Several legal experts said Mr. Trump’s vow to fight every subpoena is a departure from how past presidents confronted congressional oversight investigations run by their adversaries. The White House and lawmakers have generally resolved fights over internal information about the executive branch through negotiation and accommodation — a practice that courts have repeatedly said they want to see.
By contrast, Mr. Trump’s scorched-earth strategy appears meant to prompt a lengthy fight for each subpoena, by giving the House a choice between seeing its subpoenas ignored or going to court to ask a judge to order the administration to comply with them. Such lawsuits would then prompt wrangling in the courts over whether Mr. Trump had the authority to block the subpoena.
While relatively few definitive judicial precedents exist about where the executive branch’s power to keep private internal information stops and Congress’s power to gain access to it begins, a few cases may be notable for the emerging fights, specialists said.

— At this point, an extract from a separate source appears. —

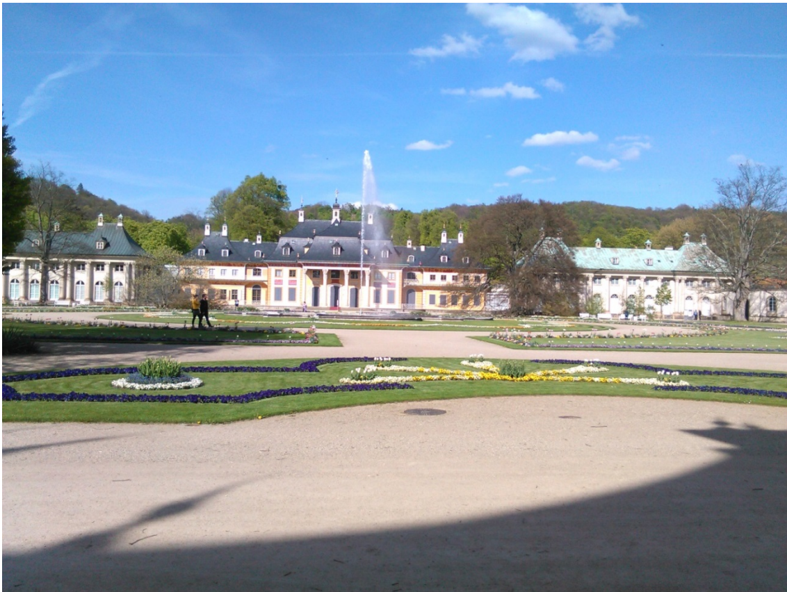
obr. 4 – zámek Pillnitz
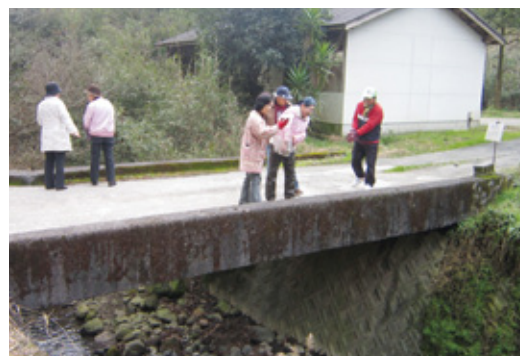
EM団子の投入。 水質浄化が期待される。

EMを活用した環境対策を行っている蒲生生活学校は、EM団子やEM活性液を河川に投入し、水質浄化を図っています。今回の事業では、EM投入前後の水質検査を行い比較するもので、2月にEMを投入した後、同じ流域で水質検査を行い、EMの効果を検証するものです。

In a 1997 appeals court ruling involving internal White House documents the Clinton administration wanted to keep from Congress, a panel of judges ruled that the administration had waived its ability to claim executive privilege over certain files because it had permitted a personal lawyer for an executive branch official to see them. Personal lawyers for current and former Trump administration officials reviewed many documents involving their clients during the special counsel investigation.
In a 2008 district court ruling involving whether a former White House counsel to President George W. Bush, Harriet Miers, could be compelled to testify before Congress, a judge said she had to show up and decide whether to decline to answer potentially privileged questions one by one. That could suggest that Mr. McGahn must similarly appear before the House Judiciary Committee.
And in a 2016 district court ruling involving internal Justice Department documents the Obama administration wanted to keep secret from Congress, a judge ruled that executive privilege no longer protected materials that had been disclosed in an inspector general report. Because Mr. Barr made most of Mr. Mueller’s report public, that principle may limit Mr. Trump’s success in asserting the privilege to block Congress from receiving testimony and documents about events described in the report.
But each of the emerging fights raises somewhat different legal questions that courts would have to sort through.
The fight over testimony on the 2020 census turns on the Trump administration’s insistence that an executive branch lawyer accompany Mr. Gore to instruct him not to answer certain questions that may be subject to executive privilege.
The House Oversight and Reform Committee is invoking a longstanding House rule that witnesses may be accompanied in depositions by personal lawyers but not by government ones, though it has offered to let Mr. Gore leave the room to consult a department lawyer.
The Trump administration objected, saying in the letter on Wednesday that the rule would “unconstitutionally infringe on the prerogatives of the executive branch.” It did not address the fact the Constitution explicitly empowers the House to set the rules for its own proceedings.
Mr. Gore still had a legal obligation to show up on Thursday, Representative Elijah E. Cummings of Maryland, the Democratic chairman of the oversight committee, said in a statement.
“Both President Trump and Attorney General Barr are now openly ordering federal employees to ignore congressional subpoenas and simply not show up — without any assertion of a valid legal privilege,” Mr. Cummings said. “These employees and their personal attorneys should think very carefully about their own legal interests rather than being swept up in the obstruction schemes of the Trump administration.”